→ Task description
The required output is the lines of the listing from the beginning through the line containing "Tablica warsztatowa 58x39", each copied exactly, without any pictures.

→ Extracted records
------------------------------------------------------------

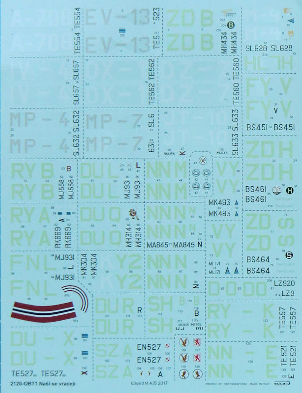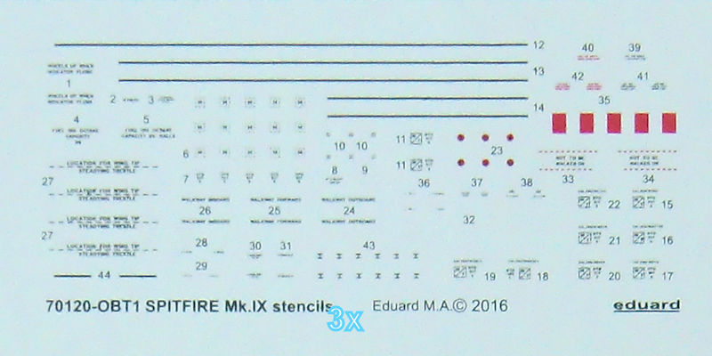 Die fünf Decalbögen sind tadellos im Register gedruckt. Drei davon sind jeweils die Bögen mit Wartungshinweisen. Diese sind auf weißem Trägerpapier gedruckt. Es gibt hier scheinbar jeden Wartungshinweis der Spitfire. Bei den Farbangaben bezieht man sich auf das System von Gunze.
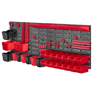 Tablica warsztatowa 58x39 cm 2 szt. 14 pojemników 8x12 cm20 wieszaków w różnych rozmiarach4 duże kubki warsztatowe6 małych kubków warsztatowych2 półki narzędziowe
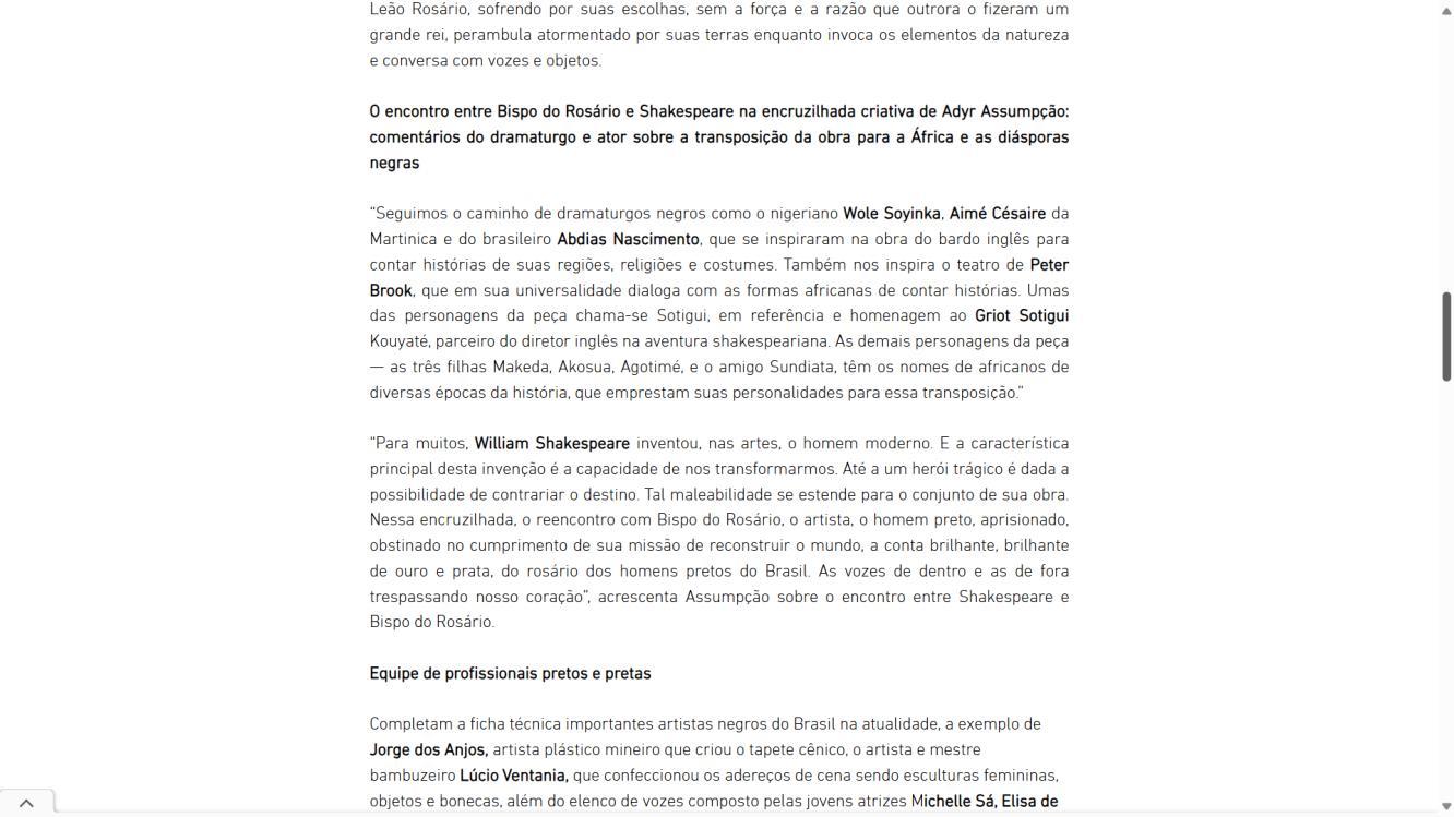 característica principal desta invenção é a capacidade de nos transformarmos. Até a um herói trágico é dada a possibilidade de contrariar o destino. Tal maleabilidade se estende para o conjunto de sua obra. Nessa encruzilhada, o reencontro com Bispo do Rosário, o artista, o homem preto, aprisionado, obstinado no cumprimento de sua missão de reconstruir o mundo, a conta brilhante, brilhante de ouro e prata, do rosário dos homens pretos do Brasil. As vozes de dentro e as de fora trespassando nosso coração”, acrescenta Assumpção sobre o encontro entre Shakespeare e Bispo do Rosário.
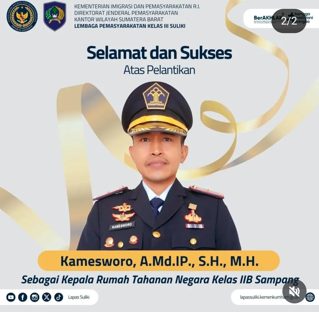 Karutan Sampang, Kamesworo menyampaikan komitmennya untuk melanjutkan tongkat estafet kepemimpinan Rutan Sampang, dengan menjaga amanah jabatan dan membangun kerja sama yang solid dalam membina para warga binaan serta menjaga keamanan dan ketertiban di rutan. Pelantikan ini menandai awal baru bagi Rutan Sampang dibawah Kepemimpinan Bapak Kamesworo untuk terus berbenah dan memberikan pelayanan yang humanis, sesuai dengan semangat reformasi birokrasi yang diusung Ditjenpas.
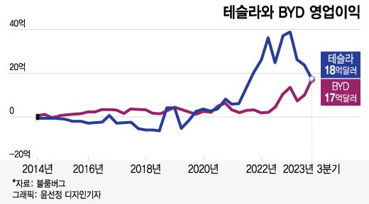 그렇다고 비야디의 영업이익이 테슬라에 크게 뒤쳐지는 것도 아니다. 지난해 3분기 비야디의 영업이익은 17억달러로 18억달러인 테슬라를 바짝 추격했다.
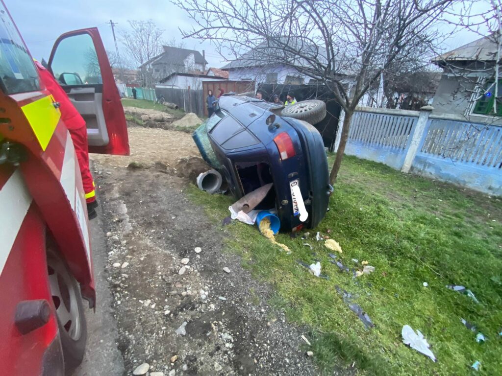 La sosirea echipajelor, autoturismul implicat în accident a fost găsit în afara carosabilului, răsturnat pe o parte, iar o persoană a fost găsită în afară acestuia, conștientă.

------------------------------------------------------------

→ Exercise result
 Die fünf Decalbögen sind tadellos im Register gedruckt. Drei davon sind jeweils die Bögen mit Wartungshinweisen. Diese sind auf weißem Trägerpapier gedruckt. Es gibt hier scheinbar jeden Wartungshinweis der Spitfire. Bei den Farbangaben bezieht man sich auf das System von Gunze.
 Tablica warsztatowa 58x39 cm 2 szt. 14 pojemników 8x12 cm20 wieszaków w różnych rozmiarach4 duże kubki warsztatowe6 małych kubków warsztatowych2 półki narzędziowe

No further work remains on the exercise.